I don't exactly recall where I came across this book (edit: it was Wilson Cochrane who recommended it to me), but I bumped into it earlier in 2022 and I just recently picked it up to read it through. It was fantastic, I'm so glad I did.
This book is essentially an exposition on the last 250 years of philosophical development in western culture. Starting with the romantics, making his way through Nietzsche, Marx, and Darwin, continuing through Freud, and making his way into the countercultural 1960s and beyond (with. many other omitted from this list along the way), Trueman traces the layer-upon-layer of development of our understanding of the self that eventually culminated in the present moment with its current view of the self, and how sexuality and sexual expression is understood as a central facet of who we are.
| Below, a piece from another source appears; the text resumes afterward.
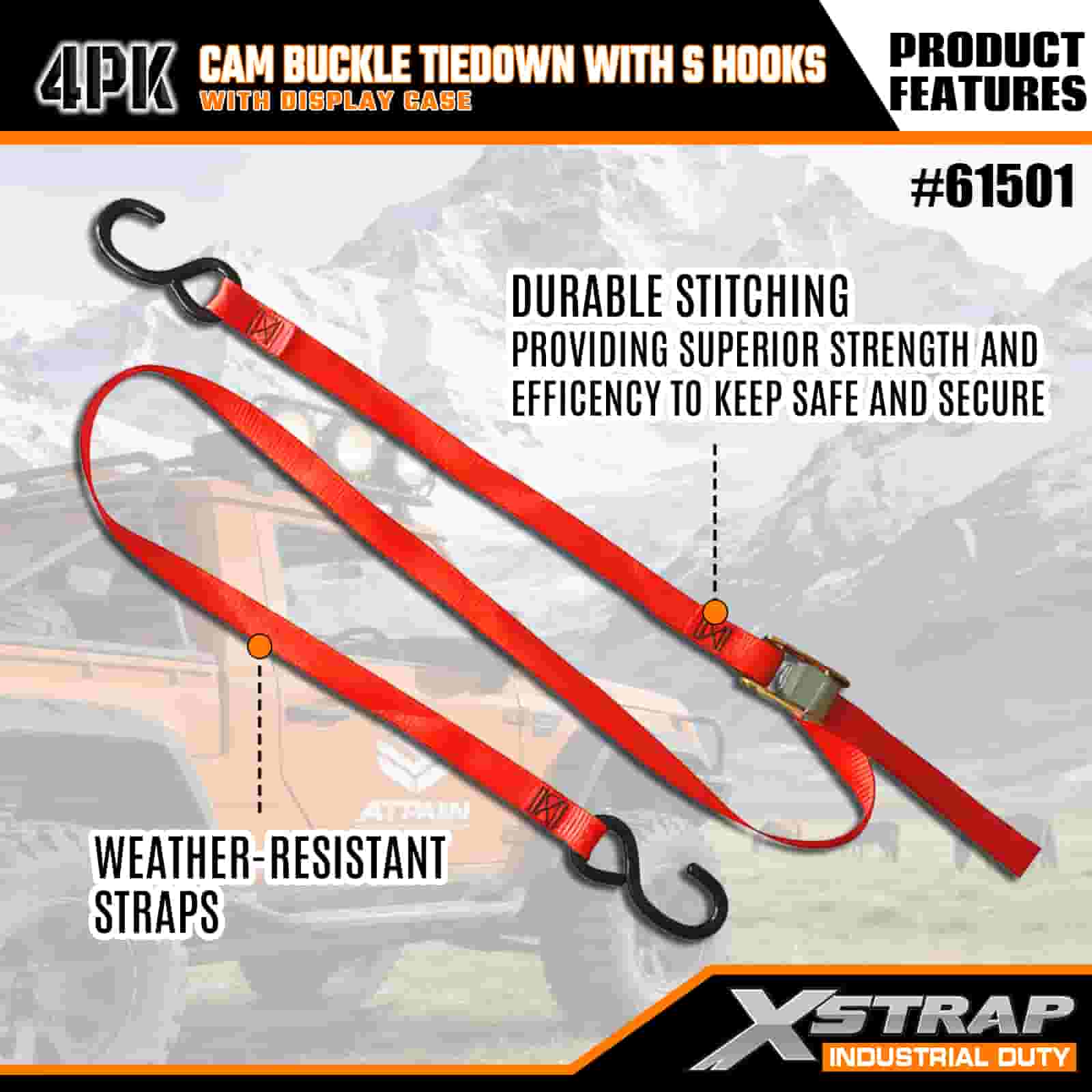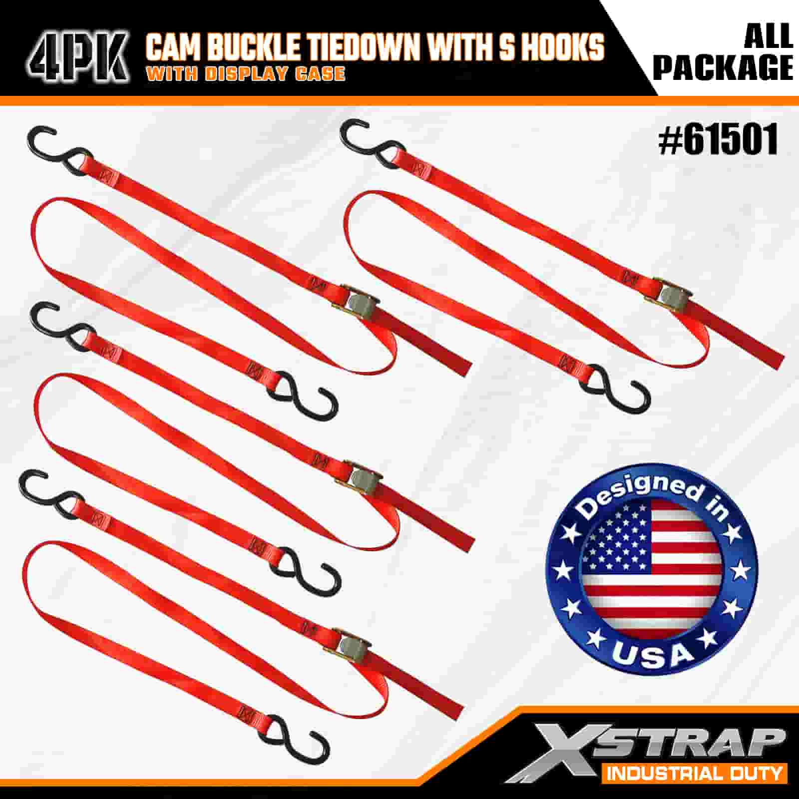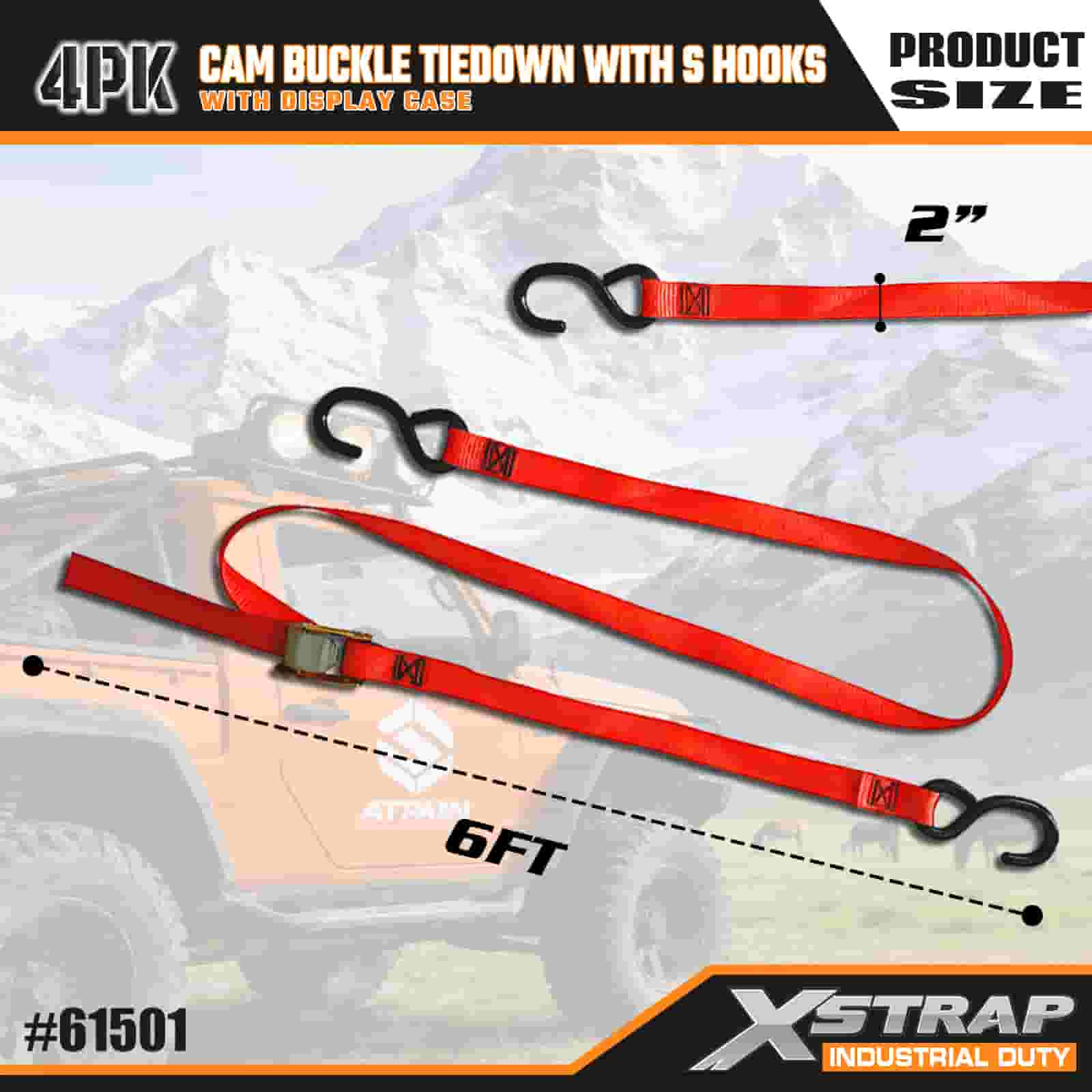 Xstrap 4 Paket S Kancalı Kam Tokalı Bağlama, 2" x 6' Polyester Tokalı Bağlama Kayışı, Ciddi Profesyoneller için Güvenli Kargo Römorku, Düz Yataklı Römork, Kayak Teknesi, Küçük Araba için S Kancalı 400lbs Kapasiteli Kargo Bağlama Sabitleme Kayışları.

Trueman shows that the present moment and its conversations about sexual ethics are the natural culmination of the idea of the "theraputic self" and what it means when any sense of external authority to the world is removed from the ethical framework.
This was a dense read - it reads like an academic book on the history of philosophy - but it was a fantastic book. As someone who engages culture as a part of my pastoral vocation, I feel like I understand the intellectual underpinnings and trajectory of our culture's ethical imagination in a way I never did before. It also has all kinds of thoughts churning inside about how we can meaningfully engage said culture in dialogue.
Anyone who doesn't mind an academic-type read and who wants a deep understanding of the underpinnings of our culture's understanding of our self and sexuality.